David, this should scale even to containers that might want to manage their own dispatching.

ddietterich commented 5 years ago

I think we all understand the concept: start from P and get me the next N. As I see it, there are several difficulties with using that technique when walking a graph:

pgrosu commented 5 years ago

I still see the answers to these as quite simple. Let's go through each one:

  1. The same graph traversal should be guaranteed by a spanning tree of the graph, which gets initialized when the server is first brought online. As data is loaded that extends the tree. You can have introspective queries that build the equivalent hierarchical result-set back, and not require spanning trees. Regarding sharding, a global B-tree representing which compute-nodes have what ranges of the file/objects/bundles, would allow for distributed traversal. You can even augment it with a distributed hash table to quickly jump to the right server.

  2. The client does not need to maintain a graph structure. Objects are nodes, and edges are associations/relations among them which can be tagged. Bundles can be viewed as subtrees. Some nodes can be viewed as collapsed entities, if a higher-order traversal might be required.

  3. Again the client does not need to maintain state.
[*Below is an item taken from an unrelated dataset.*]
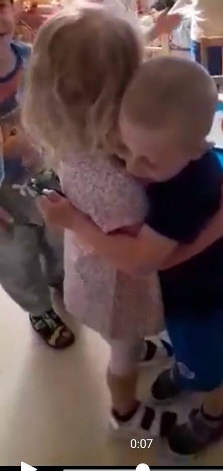 „Szeretet átadása” játékot tanultunk. „Zöld fű a lábam alatt” dalra, pár gyermek letakart testtel áll a kör közepén, a dal végén oda megy valakihez és tapintással, hang adással kitalálja kit választott és megöleli őt. A dal után, taxis játékot játszottunk ami a bizalomra épül. Egymást kellett vezetni karikába nyitott majd csukott szemmel. Aztán megbeszéltük, milyen érzés volt vezetni vagy vezetve lenni. A játék végén mindenki készíthetett valakinek kis ajándékot (rajz, virág ragasztás, stb). Ehhez sok eszközt kaptak amivel dolgozhattak. a munka végén megajándékozhatták egymást.

Since a token is used, then the server knows which user/client accessed it last. This does not need to be a guarantee as a the client can provide context of the last accessed id (or sub-path), which can give context as from where to continue. A client can provide context on what has been accessed so that loops and repeated elements are avoided. Query servers can be accommodating as one might want, which can provide richness on how one performs queries. If queries can become states to initiate more fine-grained inspection of interested results, that would allow one to tailor their data-retrieval more naturally.
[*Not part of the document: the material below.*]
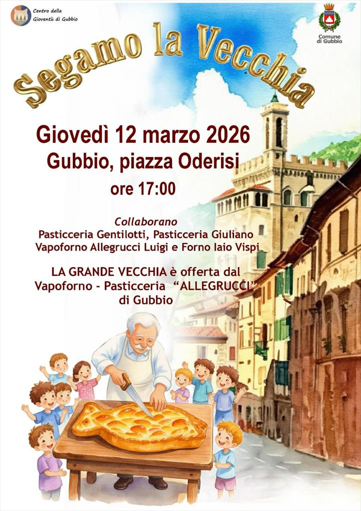 Torna in città la manifestazione "Segamo la Vecchia" organizzata dal Centro della Gioventù con il patrocinio del Comune di Gubbio. L'appuntamento è per giovedì 12 marzo, alle ore 17 in Piazza Oderisi. Si tratta di un'antica tradizione diffusa anche in altre località dell'Umbria legata al periodo quaresimale. "Segare la vecchia” significa sospendere a metà i quaranta giorni di digiuno per concedersi qualche peccato di gola. Collaborano le pasticcerie Gentilotti e Giuliano, il vapoforno Allegrucci Luigi e forno Iaio Vispi. La "Grande Vecchia" è offerta dal Vapoforno - Pasticceria "Allegrucci" di Gubbio.

ddietterich commented 5 years ago

I continue to disagree.

  1. You assert that such an implementation can be made. I don't disagree. But we are not talking about greenfield implementations. We are talking about existing implementations that may not have the properties you wish for. 2 and 3. Why do you assume the client does not need the graph structure? I think we are trying to convey the graph to the client. If that is not the goal, then we are talking at cross purposes.
pgrosu commented 5 years ago

I tried to keep the client simple, but that does not preclude one from extending it for having a richer client with graph-caching. Any existing implementation would by default have data-access channels to its datastores. The data with high probability would increase over time. A control/orchestration layer to optimize the access to such data is something users I'm sure would be interested in, in order to expediently facilitate their their access when interfacing with such large data silos. Why did for instance the BAM format create the BAI format as well? Otherwise folks would be downloading whole BAM files just to subsequently select their region of interest. My approach is to allow for some form iteration. If we say, well the data repositories that we currently have would not allow for extending them with data-access enhancements -- to allow for optimal access of larger and ever-growing structural complexities -- then why would folks be motivated to even reach those repositories if they become cumbersome to use. GA4GH is supposed to be at the forefront of developing such standards, and encapsulate logic around current limitations for sharing data. It is even listed in the GA4GH​ ​Connect:​ ​A​ ​5-Year​ ​Strategic​ ​Plan for the Cloud​ ​Work​ ​Stream​ ​Vision that:

Its initial focus is on ‘bringing the algorithms to the data’, by creating standards for defining, sharing, and executing portable workflows. Standards under discussion include workflow definition languages, tool encapsulation, cloud-based task​ ​and​ ​workflow​ ​execution,​ ​and​ ​cloud-agnostic​ ​abstraction​ ​of​ ​data​ ​access.

All I was proposing was the algorithms to encapsulate the data with. Please help me understand what limitations are we facing now, since we worked on this since 2013 and I am sure that researchers would relish richer data exploratory capabilities and data access.

briandoconnor commented 3 years ago

Related to #323, #325, and #337, correct?